Firstly, there is the revolutionary technology of "embeddings" that has seen its usage skyrocket since 2022. It allows us to create a programmable memory for AI, thus eliminating the need to grapple with prompt engineering. I began to ponder if there could be a more efficient alternative to embeddings, one that utilizes fast and economical LLMs.
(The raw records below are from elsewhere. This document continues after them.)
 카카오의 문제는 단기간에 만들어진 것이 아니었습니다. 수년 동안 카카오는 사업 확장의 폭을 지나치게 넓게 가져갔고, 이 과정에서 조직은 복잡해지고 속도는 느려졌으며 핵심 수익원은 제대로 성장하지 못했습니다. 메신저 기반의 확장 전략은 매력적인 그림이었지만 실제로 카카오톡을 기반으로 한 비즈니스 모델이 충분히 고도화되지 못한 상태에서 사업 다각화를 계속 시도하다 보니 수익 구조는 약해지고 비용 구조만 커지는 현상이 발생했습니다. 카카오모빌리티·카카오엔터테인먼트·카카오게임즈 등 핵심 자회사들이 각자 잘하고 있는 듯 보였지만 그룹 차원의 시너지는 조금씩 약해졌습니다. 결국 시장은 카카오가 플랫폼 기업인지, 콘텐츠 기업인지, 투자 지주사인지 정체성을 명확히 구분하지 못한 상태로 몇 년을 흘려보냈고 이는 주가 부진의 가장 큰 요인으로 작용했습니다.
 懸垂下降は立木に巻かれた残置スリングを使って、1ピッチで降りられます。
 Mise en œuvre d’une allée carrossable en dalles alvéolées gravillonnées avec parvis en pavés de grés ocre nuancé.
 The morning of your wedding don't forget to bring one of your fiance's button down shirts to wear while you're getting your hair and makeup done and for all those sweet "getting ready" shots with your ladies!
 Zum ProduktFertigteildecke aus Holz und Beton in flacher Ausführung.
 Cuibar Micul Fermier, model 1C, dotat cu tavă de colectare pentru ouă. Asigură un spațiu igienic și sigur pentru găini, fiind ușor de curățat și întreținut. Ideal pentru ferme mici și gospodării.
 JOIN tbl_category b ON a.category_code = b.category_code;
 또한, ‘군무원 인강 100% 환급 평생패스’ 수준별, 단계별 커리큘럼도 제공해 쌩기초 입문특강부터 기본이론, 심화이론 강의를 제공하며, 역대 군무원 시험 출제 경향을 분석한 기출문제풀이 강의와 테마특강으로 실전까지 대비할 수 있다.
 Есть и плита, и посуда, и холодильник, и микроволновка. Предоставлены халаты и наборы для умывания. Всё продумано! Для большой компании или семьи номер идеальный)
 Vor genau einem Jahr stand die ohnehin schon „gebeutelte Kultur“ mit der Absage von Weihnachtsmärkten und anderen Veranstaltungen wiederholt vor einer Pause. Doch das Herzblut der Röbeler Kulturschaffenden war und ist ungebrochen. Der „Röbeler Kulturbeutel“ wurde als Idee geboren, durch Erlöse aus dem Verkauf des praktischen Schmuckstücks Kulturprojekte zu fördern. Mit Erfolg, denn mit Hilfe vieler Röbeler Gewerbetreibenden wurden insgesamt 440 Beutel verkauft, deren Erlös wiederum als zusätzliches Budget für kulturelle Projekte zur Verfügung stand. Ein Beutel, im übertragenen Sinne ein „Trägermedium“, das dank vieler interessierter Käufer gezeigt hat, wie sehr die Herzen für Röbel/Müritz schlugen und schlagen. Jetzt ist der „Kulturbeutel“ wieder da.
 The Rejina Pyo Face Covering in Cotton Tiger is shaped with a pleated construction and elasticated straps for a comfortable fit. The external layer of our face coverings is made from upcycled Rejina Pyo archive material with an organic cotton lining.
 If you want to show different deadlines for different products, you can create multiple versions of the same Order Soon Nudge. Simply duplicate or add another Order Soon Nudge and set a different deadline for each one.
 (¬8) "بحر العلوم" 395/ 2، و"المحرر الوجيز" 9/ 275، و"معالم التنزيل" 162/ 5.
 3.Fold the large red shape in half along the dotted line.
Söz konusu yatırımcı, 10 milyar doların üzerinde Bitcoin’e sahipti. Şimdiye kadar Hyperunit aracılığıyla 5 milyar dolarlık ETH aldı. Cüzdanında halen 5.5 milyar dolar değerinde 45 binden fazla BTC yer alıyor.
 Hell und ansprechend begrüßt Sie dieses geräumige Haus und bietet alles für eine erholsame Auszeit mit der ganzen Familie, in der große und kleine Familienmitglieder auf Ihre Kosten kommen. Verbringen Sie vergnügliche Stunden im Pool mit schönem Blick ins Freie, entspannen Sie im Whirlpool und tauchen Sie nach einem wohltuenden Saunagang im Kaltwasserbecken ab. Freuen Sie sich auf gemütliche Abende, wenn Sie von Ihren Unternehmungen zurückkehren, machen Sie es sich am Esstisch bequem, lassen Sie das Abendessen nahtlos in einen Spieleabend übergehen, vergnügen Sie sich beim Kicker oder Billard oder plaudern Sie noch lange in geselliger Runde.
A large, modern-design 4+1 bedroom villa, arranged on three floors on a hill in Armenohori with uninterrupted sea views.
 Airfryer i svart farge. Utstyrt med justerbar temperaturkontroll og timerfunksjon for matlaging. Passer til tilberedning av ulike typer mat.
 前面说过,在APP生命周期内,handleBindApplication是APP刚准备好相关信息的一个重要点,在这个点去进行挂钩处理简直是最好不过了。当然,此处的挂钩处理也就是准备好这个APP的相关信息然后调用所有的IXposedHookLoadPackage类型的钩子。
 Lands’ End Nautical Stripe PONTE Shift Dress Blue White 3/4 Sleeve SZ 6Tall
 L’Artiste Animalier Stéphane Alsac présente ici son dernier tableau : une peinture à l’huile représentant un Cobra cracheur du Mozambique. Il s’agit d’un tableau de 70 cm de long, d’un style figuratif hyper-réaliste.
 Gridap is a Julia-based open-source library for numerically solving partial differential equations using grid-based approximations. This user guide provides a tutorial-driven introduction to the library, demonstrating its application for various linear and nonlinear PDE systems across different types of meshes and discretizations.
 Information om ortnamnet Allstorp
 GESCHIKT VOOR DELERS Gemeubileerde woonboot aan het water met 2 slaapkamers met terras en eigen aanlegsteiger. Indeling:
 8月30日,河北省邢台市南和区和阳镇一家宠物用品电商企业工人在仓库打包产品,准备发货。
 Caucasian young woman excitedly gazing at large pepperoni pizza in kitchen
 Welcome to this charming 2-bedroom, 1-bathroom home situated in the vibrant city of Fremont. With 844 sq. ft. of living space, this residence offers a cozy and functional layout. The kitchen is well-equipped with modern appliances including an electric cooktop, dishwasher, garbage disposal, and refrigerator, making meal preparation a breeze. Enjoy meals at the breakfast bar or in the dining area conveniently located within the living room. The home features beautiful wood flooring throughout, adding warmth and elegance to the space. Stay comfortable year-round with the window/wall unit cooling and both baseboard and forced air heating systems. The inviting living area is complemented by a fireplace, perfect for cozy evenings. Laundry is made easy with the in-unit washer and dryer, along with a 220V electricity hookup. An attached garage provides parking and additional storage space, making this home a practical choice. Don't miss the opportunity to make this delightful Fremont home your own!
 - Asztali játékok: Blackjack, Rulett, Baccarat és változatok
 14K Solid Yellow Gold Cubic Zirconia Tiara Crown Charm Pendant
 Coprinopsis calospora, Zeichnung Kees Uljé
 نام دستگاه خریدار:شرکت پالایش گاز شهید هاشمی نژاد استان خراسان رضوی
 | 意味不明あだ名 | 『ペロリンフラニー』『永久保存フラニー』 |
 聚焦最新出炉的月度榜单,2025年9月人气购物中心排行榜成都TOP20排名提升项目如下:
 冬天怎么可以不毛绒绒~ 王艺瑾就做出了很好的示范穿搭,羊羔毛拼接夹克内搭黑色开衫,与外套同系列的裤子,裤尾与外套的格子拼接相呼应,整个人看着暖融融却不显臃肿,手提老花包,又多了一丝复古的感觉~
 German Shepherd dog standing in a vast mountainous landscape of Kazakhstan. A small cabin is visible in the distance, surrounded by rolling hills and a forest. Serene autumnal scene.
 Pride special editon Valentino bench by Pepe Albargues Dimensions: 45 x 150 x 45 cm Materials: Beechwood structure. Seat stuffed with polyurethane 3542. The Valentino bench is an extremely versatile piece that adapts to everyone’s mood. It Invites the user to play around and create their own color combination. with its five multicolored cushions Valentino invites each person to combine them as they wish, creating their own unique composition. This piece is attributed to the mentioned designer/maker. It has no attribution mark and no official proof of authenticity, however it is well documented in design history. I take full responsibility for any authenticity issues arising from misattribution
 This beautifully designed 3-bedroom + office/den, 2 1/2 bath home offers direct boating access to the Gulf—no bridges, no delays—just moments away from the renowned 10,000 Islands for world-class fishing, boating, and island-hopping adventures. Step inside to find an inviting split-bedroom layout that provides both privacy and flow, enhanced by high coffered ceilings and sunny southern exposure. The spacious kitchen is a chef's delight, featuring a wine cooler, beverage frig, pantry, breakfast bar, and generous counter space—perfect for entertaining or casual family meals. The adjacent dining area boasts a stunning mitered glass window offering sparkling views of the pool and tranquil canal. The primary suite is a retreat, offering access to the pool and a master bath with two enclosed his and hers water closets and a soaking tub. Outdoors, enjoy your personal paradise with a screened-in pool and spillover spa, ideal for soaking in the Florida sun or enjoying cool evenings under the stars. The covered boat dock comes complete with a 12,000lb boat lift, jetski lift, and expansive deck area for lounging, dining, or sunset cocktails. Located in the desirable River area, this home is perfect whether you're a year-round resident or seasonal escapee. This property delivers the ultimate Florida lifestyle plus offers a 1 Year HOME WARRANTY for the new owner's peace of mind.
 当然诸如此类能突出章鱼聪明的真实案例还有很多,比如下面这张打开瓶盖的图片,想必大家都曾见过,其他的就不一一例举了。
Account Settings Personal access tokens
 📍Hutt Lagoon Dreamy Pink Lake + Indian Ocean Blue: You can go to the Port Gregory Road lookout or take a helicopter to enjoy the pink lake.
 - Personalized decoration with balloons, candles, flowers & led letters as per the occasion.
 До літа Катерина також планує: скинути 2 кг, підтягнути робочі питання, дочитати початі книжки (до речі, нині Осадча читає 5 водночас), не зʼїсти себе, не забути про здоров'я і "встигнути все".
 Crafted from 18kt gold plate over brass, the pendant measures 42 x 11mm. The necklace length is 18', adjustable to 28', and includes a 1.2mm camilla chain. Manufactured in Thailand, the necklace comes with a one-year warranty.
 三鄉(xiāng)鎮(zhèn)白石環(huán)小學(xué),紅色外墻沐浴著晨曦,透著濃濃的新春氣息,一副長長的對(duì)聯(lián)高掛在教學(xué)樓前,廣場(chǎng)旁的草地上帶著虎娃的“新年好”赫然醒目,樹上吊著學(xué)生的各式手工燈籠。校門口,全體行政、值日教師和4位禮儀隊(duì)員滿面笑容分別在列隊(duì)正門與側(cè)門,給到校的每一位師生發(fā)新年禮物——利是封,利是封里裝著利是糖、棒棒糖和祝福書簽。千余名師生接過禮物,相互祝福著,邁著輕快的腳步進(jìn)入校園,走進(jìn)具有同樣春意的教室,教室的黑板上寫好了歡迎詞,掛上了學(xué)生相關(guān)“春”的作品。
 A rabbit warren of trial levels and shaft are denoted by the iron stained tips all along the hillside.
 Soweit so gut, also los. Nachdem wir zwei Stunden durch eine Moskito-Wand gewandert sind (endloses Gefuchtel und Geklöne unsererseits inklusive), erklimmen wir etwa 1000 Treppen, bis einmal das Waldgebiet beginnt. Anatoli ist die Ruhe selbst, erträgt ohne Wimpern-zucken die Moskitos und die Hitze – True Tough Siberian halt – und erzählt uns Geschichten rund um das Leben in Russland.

Secondly, the theory of System 1 and System 2 in psychology, which speaks about two different decision-making processes in our brain, caught my attention. System 1 corresponds to our intuitive, automatic, often subconscious thought process, like recognizing facial expressions. On the other hand, System 2 is deliberate, slower, and more logical, like solving complex math problems.

Inspired by this theory, I began to explore the possibility of using different sizes of LLMs in different stages of the programming journey. Much like how our brains switch between System 1 and System 2 depending on the complexity of the task, could we also employ smaller, faster LLMs for simpler programming tasks and larger, more powerful LLMs for complex tasks?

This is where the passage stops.